A brief snatch of "Knowing Me, Knowing You" as well as "Dum Dum Diddle" is also heard while Ashley is stuck in a traffic jam; they're presumably coming from a nearby car radio.

"Ring Ring" is performed by the members of a girls' ballet class Ashley speaks to for the interview while they are practicing their routines (the ABBA version can be heard in the background, which the children are singing along to).

Other tracks include "Johan på Snippen" ("Johan Snippen") and "Polkan går" ("Polka goes"), both Swedish traditional songs played by Andersson on piano accordion, and the instrumental "Stoned".

The country/western track heard towards the beginning when Ashley is in the radio studio is an early 1970s Björn & Benny song, "Please Change Your Mind", performed by Nashville Train. The song was also recorded by this Swedish country band (several of the musicians are from ABBA's own studio band) and released on their 1977 album ABBA Our Way.

==Production==
Hallström indicated that the script and plot concept was "conceived on the plane on the way to Australia". Initially, 16 mm film was to be used but producers upgraded the project to 35 mm Panavision technology.

Filming took place primarily in Australia, with some additional scenes filmed in ABBA's native Sweden (but still set in Australia). The sequences for the songs "Name of the Game", "Eagle" and "Thank You for the Music" were all filmed in Stockholm in June 1977, among the final work completed for the movie. During August and September 1977, overdubs were recorded for the live tracks.

==Release==
ABBA: The Movie was first released in December 1977. The film was presented in several Eastern Bloc nations, including the Soviet Union where it was screened at two movie houses in Moscow. The film went on wide release in the USSR in 1982, where it became one of the hits of the year, gathering an audience of 33.2 million viewers.

A theatrical re-release occurred across Europe during July and August 2008 (around the time of the worldwide rollout of the ABBA-themed movie musical Mamma Mia!) in the UK, Ireland, the Netherlands, Norway, Germany and Austria.

On 17 and 19 September 2023, the film was re-released in cinemas for the group's 50th anniversary, its first wide release in Europe and in North and South America.

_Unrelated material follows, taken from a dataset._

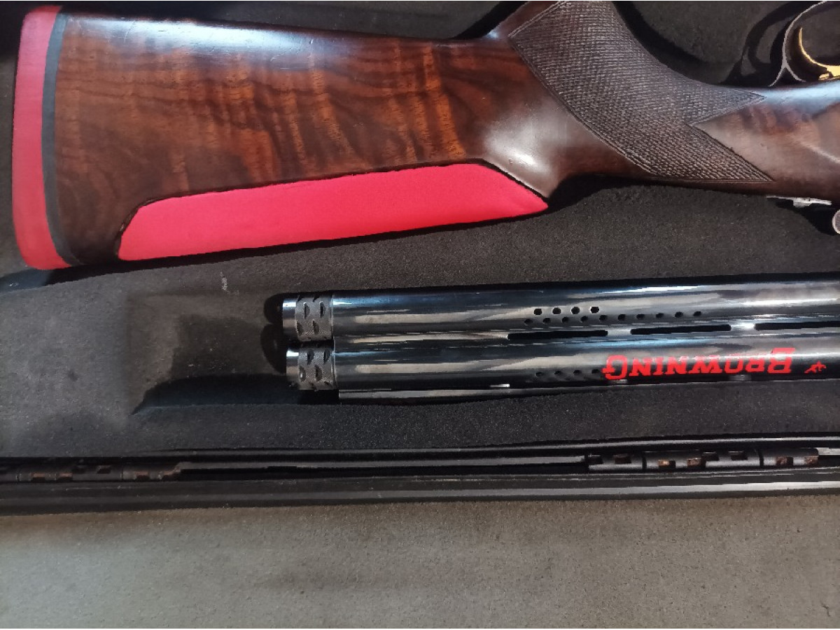 Escopeta superpuesta Browning especial edición sporter, culatín kiker. Chokes gemenis titaneo. Sube y baja. Maletín original + 6 chokes interiores.

However, Australia was excluded from this engagement, as lead actor Robert Hughes had gained notoriety in the country for being convicted of sexual offences against children in 2014.

===Home media===
To date, four home releases have been issued: a single-disc DVD, a two-disc, special-edition DVD, a single-disc Blu-ray, and a now-defunct single-disc HD DVD. All releases above feature a restored print with bonus material. The initial DVD, including digital restoration, was released by SBS in Australia on 2 October 2005.

==Reception==

Margaret Geddes of Australian newspaper The Age concluded that the film was "slick, competent and even for the non-convert entertaining."

Keith Phipps of Rolling Stone said, "it's an act of brand extension, sure, but it's a lot more fun than the obligatory piece of product its title suggests", adding that it was ABBA's version of A Hard Day's Night.

In a 2012 review, Brian Orndorf writes "[the movie] is a strange hybrid of performance sequences, documentary footage, and staged shenanigans, yet it braids together wonderfully, creating a time capsule experience that's precious to any fan of ABBA".